The Parsi Lying-in Hospital (PLIH), also known as Temulji's Lying-in Hospital, sometimes spelled Tehmulji's Lying-in Hospital, was one of the first maternity hospitals in Bombay (now Mumbai). It was co-founded by physician and obstetrician Temulji Bhicaji Nariman in 1887 and completed in 1895. Dwindling numbers of Parsi births in the latter half of the 20th century led to its closure.

==Origins==
During the 19th century, Bombay's Parsi women had largely given birth at home, confined to poorly ventilated and unsanitary conditions. In 1887, obstetrician and dean of Grant Medical College, Temulji Nariman, concerned about the prevalence of puerperal fever, founded the PLIH.

The hospital was initially located in a small house facing the ocean in the Marine Lines. It was run by Nariman as the Parsi Maternity Asylum and established Nariman's name in the community. Shortly, however, a plot was bought from the government on the esplanade in the Hornby Estate of Mumbai. The building was designed by Muncherji Murzban, a key figure in the Bombay Municipal Corporation who was inspired by the Peabody estates of London and who oversaw the construction of the building. It was completed in 1895 at a cost 105,000 rupees but by 1914, the total cost had increased to 130,541 rupees. Fakirjee Dinshaw served as the contractor. It was one of the city's first maternity hospitals built in the Gothic Revival style. Arranged around a courtyard, it could accommodate 50 women. It became popularly known as Temuljinu Suvarvakhana (Temulji’s lying-house).

==Early years==
Previously, during their confinement, women had been located in the darkest and dampest corners of the house on the ground floor where sewage gases could contribute to ill-health. The PLIH, however, located women on upper floors with better hygiene and more space. The hospital acquired a reputation for cleanliness and the availability of midwives and clean linen. New mothers stayed for more than a month and it was felt by the Parsi community that it fulfilled an unmet need.

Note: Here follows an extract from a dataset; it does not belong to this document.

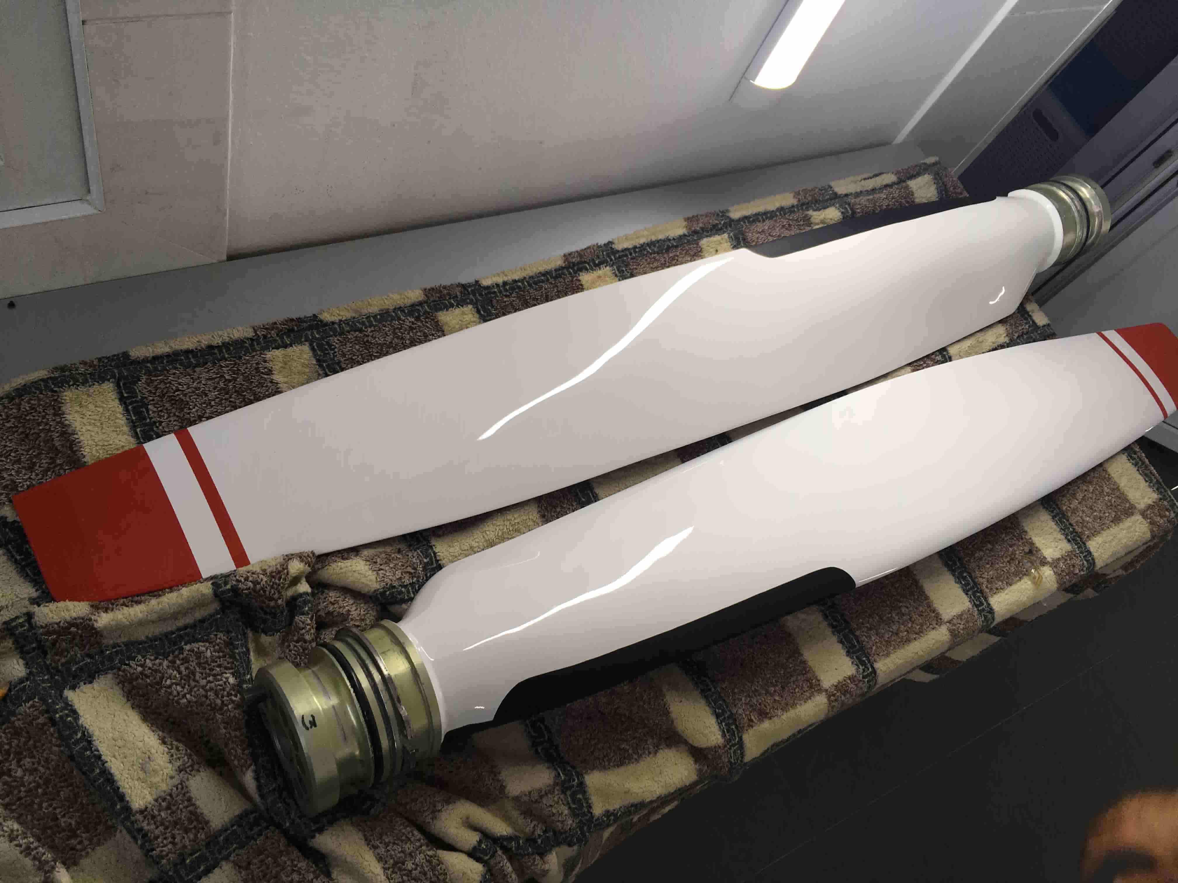 Еще один комплект лопастей MT-Propellers, финальный этап - наклейка антигравийной пленки на околокомлевую часть. Две лопасти пришлось нарастить, заново оклеить стеклотканью и оковать нержавеющей сталью, третья лопасть заодно со всеми прошла этап косметического ремонта. Все лопасти были индивидуально отбалансированы по моменту. Позже будет больше фото ДО ремонта.

Temulji Nariman became symbolic of "Parsi motherhood". He was the hospital's honorary secretary and chief physician at the time of the opening ceremony on 11 January 1895, and he encouraged the wealthier Parsis to allow those poorer to make use of its placements. The fee structure had three tiers. The third class received free treatment, the second class paid 1.80 rupees per day and first class paid 3 rupees per day. A refundable deposit was also taken.

Within the first four years, about 1,750 patients had been treated and by the turn of the 20th century, Parsi women had three hospitals to choose from within the district of the Esplanade, the Bomanjee Edaljee Allbless Obstetric Hospital, the Pestanjee Hormusjee Cama Hospital for Women and Children and the PLIH.

Among notable Parsis born at the PLIH, were Feroze Gandhi in 1912. Jamsetji Tata was a committee member.

==Later years==
In the early 21st century there were plans to convert the grade 2B listed building into an orthopaedic hospital, however, in 2015 the first floor was being used as offices and the remainder of the building was empty.